TRIBUNNEWS.COM, GAZA - Temuan Organisasi Kesehatan Dunia (WHO) menemukan tingkat kekurangan gizi anak di Gaza utara sangat ekstrim yakni sekitar tiga kali lebih tinggi dibandingkan di wilayah selatan Palestina yang lebih banyak bantuan tersedia.
Richard Peeperkorn, perwakilan WHO untuk Gaza dan Tepi Barat, mengatakan satu dari enam anak di bawah usia dua tahun mengalami kekurangan gizi akut di Gaza utara.
“Ini terjadi pada bulan Januari. Jadi situasinya mungkin akan lebih buruk saat ini,” tambah Peeperkorn, merujuk pada saat data tersebut dicatat, Selasa dikutip Tribunnews dari Arabnews.com.
Juru bicara UNICEF James Elder mengatakan, tingginya tingkat kekurangan gizi pada anak-anak balita di Gaza utara dipicu terbatasnya akses bantuan sejak dimulainya perang antara Israel dan Hamas pada 7 Oktober.
Elder mengatakan, saat ada bantuan masuk maka akan menyelamatkan nyawa.
Baca juga: Yordania Merayu Minta Air, Israel Beri Syarat Jangan Galak-Galak Soal Perang Gaza dan Palestina
Setidaknya 15 anak telah meninggal selama beberapa hari terakhir karena kekurangan gizi dan dehidrasi di rumah sakit Kamal Adwan di Gaza utara, kata kementerian kesehatan di Gaza pada hari Minggu.
Seruan agar Israel berbuat lebih banyak untuk mengatasi krisis kemanusiaan semakin keras sejak kematian warga Palestina yang mengantre bantuan di Gaza bulan lalu.

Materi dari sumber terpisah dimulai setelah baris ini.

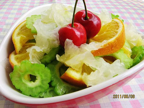 及以下步骤:苦瓜切成薄片后去瓤放到淡盐水中泡一会。 泡发后的银耳撕成小朵。 苦瓜切成薄片后去瓤放到淡盐水中泡一会。 泡发后的银耳撕成小朵。 苦瓜切成薄片后去瓤放到淡盐水中泡一会。 泡发后的银耳撕成小朵。 橙子洗净后连皮切成薄片,放入装了苦瓜与银耳的碗中。 加入一勺橄榄油。 加入蜂蜜和白醋。 调匀后加樱桃点缀,放冰箱冰镇一会再食用更佳。

Otoritas kesehatan Gaza mengatakan 118 orang tewas, menghubungkan kematian tersebut dengan tembakan Israel dan menyebutnya sebagai pembantaian.
Israel, yang mengatakan banyak orang terinjak atau terlindas, telah berjanji untuk menyelidikinya.
Selain kelaparan, ada peningkatan risiko penyakit menular, dengan sembilan dari 10 anak di bawah usia lima tahun atau sekitar 220.000 anak jatuh sakit selama beberapa minggu terakhir, menurut Elder.
“Hal ini menjadi spiral yang sangat kita takuti: penyakit menular, kekurangan makanan, kekurangan air bersih dan pemboman yang terus berlanjut dan masih ada diskusi mengenai serangan terhadap Rafah, yang merupakan kota anak-anak,” kata Elder kepada wartawan di Jenewa, mengacu pada tujuan Israel untuk membasmi batalion Hamas yang dikatakannya bersembunyi di sana.
“Rafah memiliki sekitar tiga perempat juta anak yang tinggal di sana,” kata Elder.
Israel bulan lalu mengintensifkan pemboman di Rafah, yang diperkirakan menampung sekitar 1,5 juta orang, sebagian besar dari mereka meninggalkan rumah mereka di wilayah utara untuk menghindari serangan militer Israel.
Kantor Koordinasi Urusan Kemanusiaan PBB mengatakan seperempat populasi atau sekitar 576.000 orang berada dalam tahap menuju kelaparan, hampir lima bulan setelah serangan Israel terhadap Gaza dimulai.